Uses normal distribution with std = sqrt(2/fan_in) which is optimal
for ReLU activations.
- Parameters:
shape (tuple[int, ...]) – Shape of the parameter tensor
seed (int | None) – Random seed for reproducibility
- Returns:
Initialized parameter array
- Return type:
Array
-
nabla.nn.init.he_uniform(shape, seed=None)[source]
He uniform initialization for ReLU networks.
Uses uniform distribution with bound = sqrt(6/fan_in) which is optimal
for ReLU activations.
- Parameters:
shape (tuple[int, ...]) – Shape of the parameter tensor
seed (int | None) – Random seed for reproducibility
- Returns:
Initialized parameter array
- Return type:
Array
-
nabla.nn.init.xavier_normal(shape, seed=None)[source]
Xavier/Glorot normal initialization.
Uses normal distribution with std = sqrt(2/(fan_in + fan_out)) which
is optimal for sigmoid/tanh activations.
- Parameters:
shape (tuple[int, ...]) – Shape of the parameter tensor
seed (int | None) – Random seed for reproducibility
- Returns:
Initialized parameter array
- Return type:
Array
-
nabla.nn.init.xavier_uniform(shape, seed=None)[source]
Xavier/Glorot uniform initialization.
Uses uniform distribution with bound = sqrt(6/(fan_in + fan_out)) which
is optimal for sigmoid/tanh activations.
- Parameters:
shape (tuple[int, ...]) – Shape of the parameter tensor
seed (int | None) – Random seed for reproducibility
- Returns:
Initialized parameter array
- Return type:
Array
-
nabla.nn.init.lecun_normal(shape, seed=None)[source]
LeCun normal initialization.
Uses normal distribution with std = sqrt(1/fan_in) which is optimal
for SELU activations.
- Parameters:
shape (tuple[int, ...]) – Shape of the parameter tensor
seed (int | None) – Random seed for reproducibility
- Returns:
Initialized parameter array
- Return type:
Array
-
nabla.nn.init.initialize_mlp_params(layers, seed=42)[source]

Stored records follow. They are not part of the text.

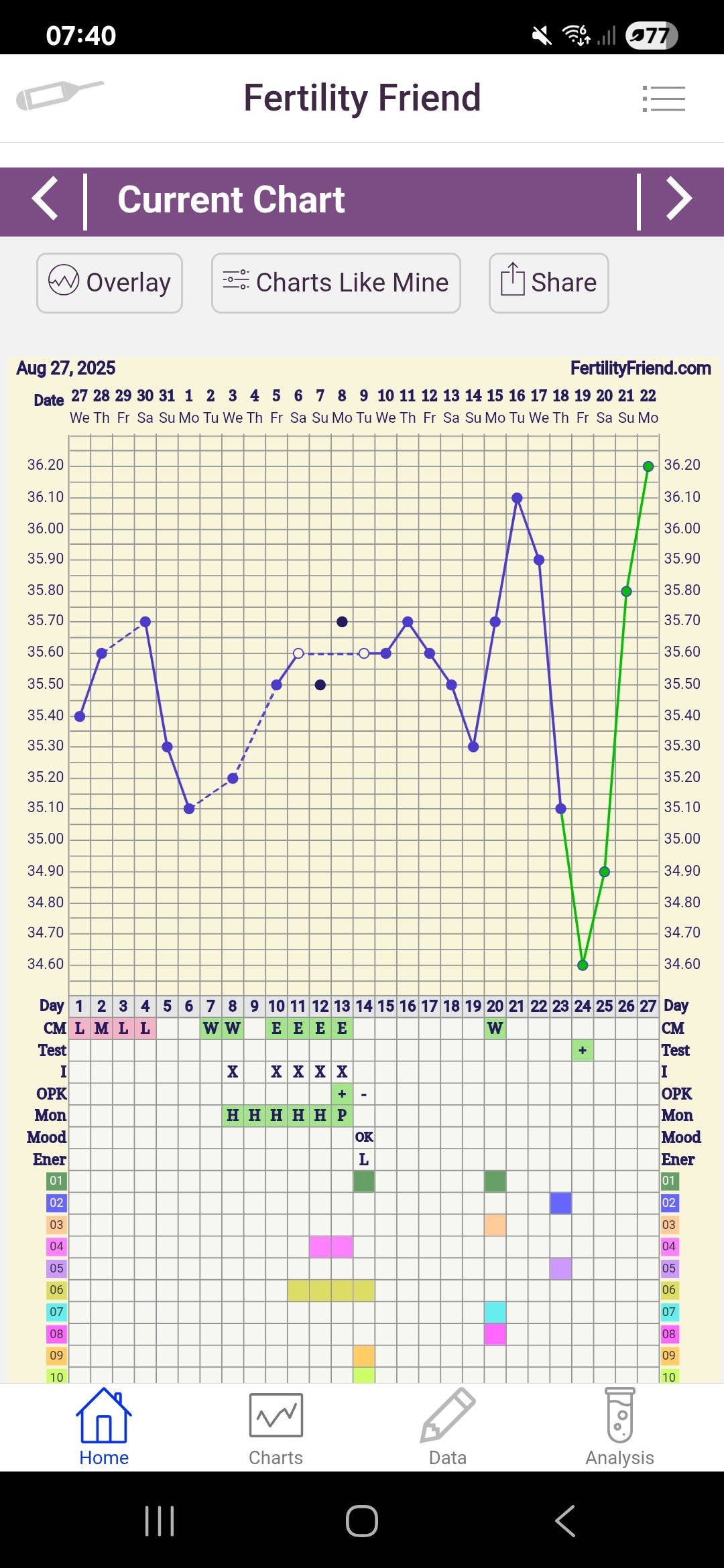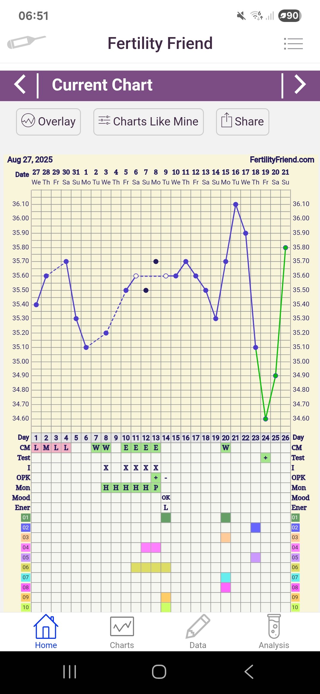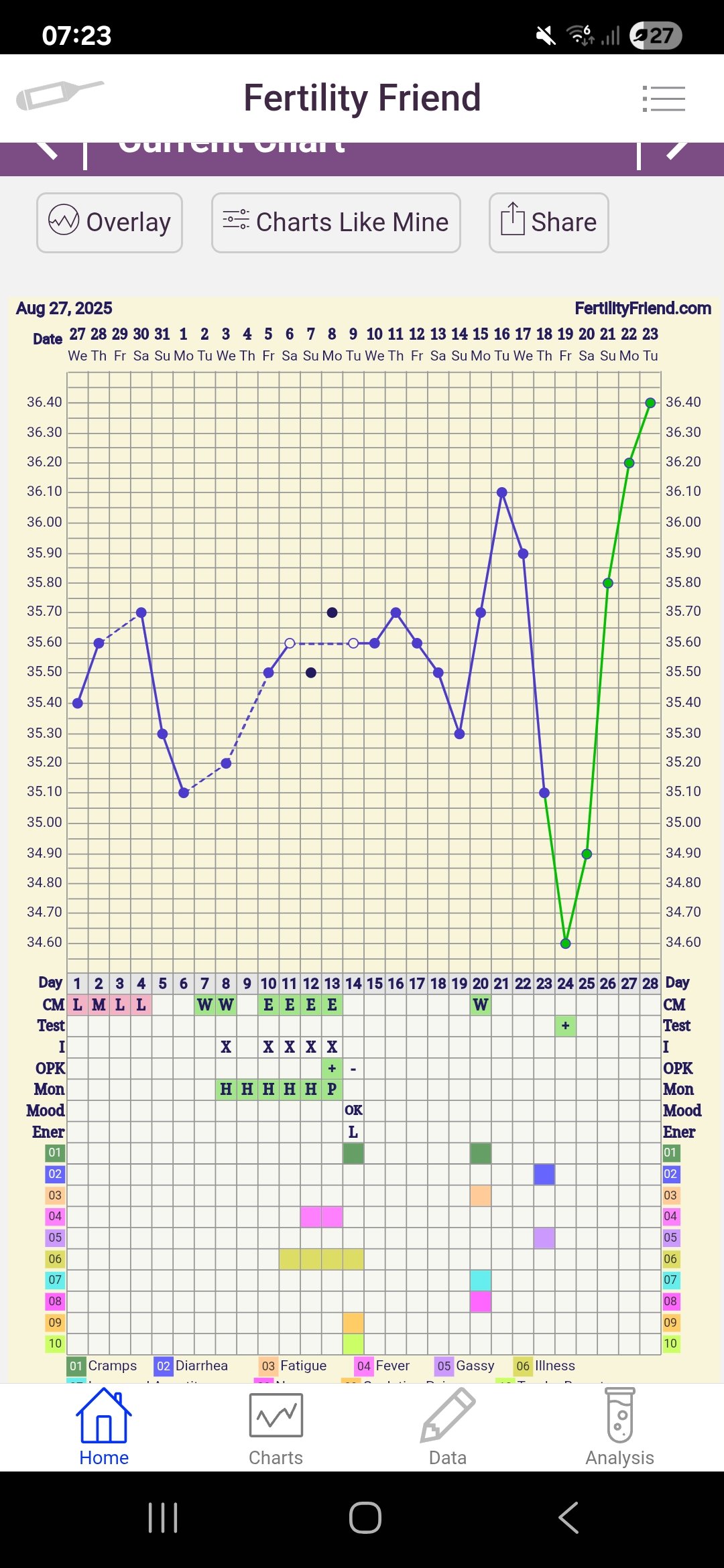 13 dpo: Mer tempstigning og sterkere test enn i går, til tross for en del mer utvannet tiss. Var litt usikker først om jeg burde vente til i morgen. Ååå dette gir meg en god følelse, hvis jeg tørr si det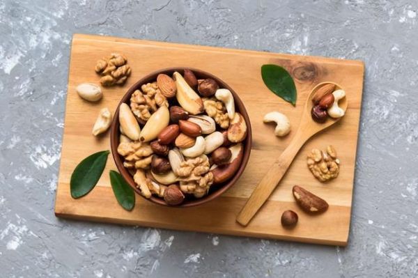 坚果中膳食纤维和不饱和脂肪酸含量高,可以增强饱腹感,减少对其他食物的摄入,有利于控制血糖。
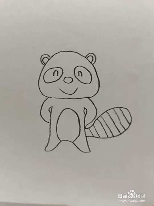 第三步,画上小浣熊的眼睛鼻子和嘴巴。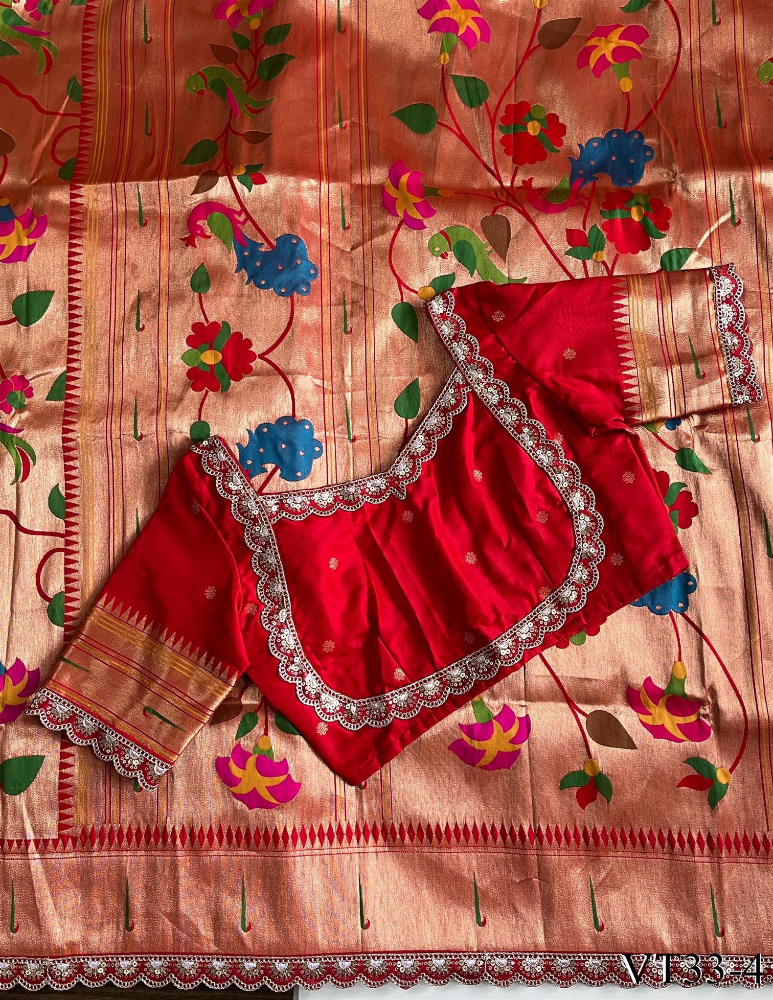 Red Color Banarasi Pattu Paithani Pallu Saree
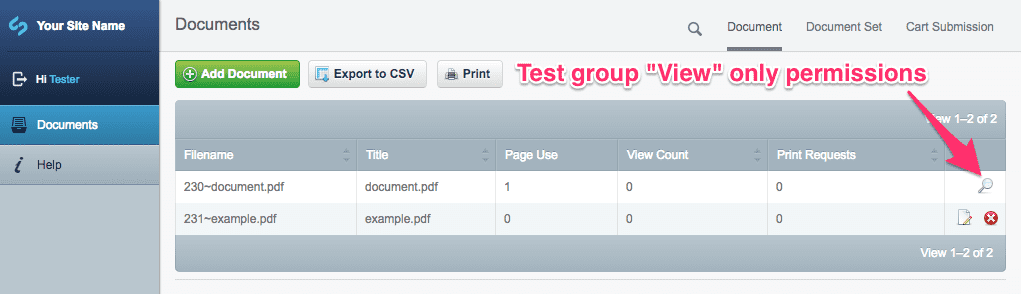 You can set various permissions for different user groups under the "Permissions" tab such as "Who can view this document?" and "Who can edit this document?". For example, if the group "Test group" is able to view but not edit a document, the group will see a magnifying glass icon to only view uneditable information of that particular document. When viewing the main website, only users logged in and belonging to the "Test group" will be able to see the document.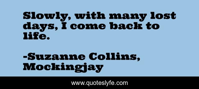 "Suzanne Collins, Mockingjay Quotes." Quoteslyfe.com, 2025. Mon. 15 Dec. 2025. <https://www.quoteslyfe.com/quote/Slowly-with-many-lost-days-I-come-3126>.

Initialize MLP parameters with specialized strategy for complex functions.
This is the original initialization strategy from mlp_train_jit.py,
optimized for learning high-frequency functions.
- Parameters:
layers (list[int]) – List of layer sizes [input, hidden1, hidden2, …, output]
seed (int) – Random seed for reproducibility
- Returns:
List of parameter arrays [W1, b1, W2, b2, …]
- Return type:
list[Array]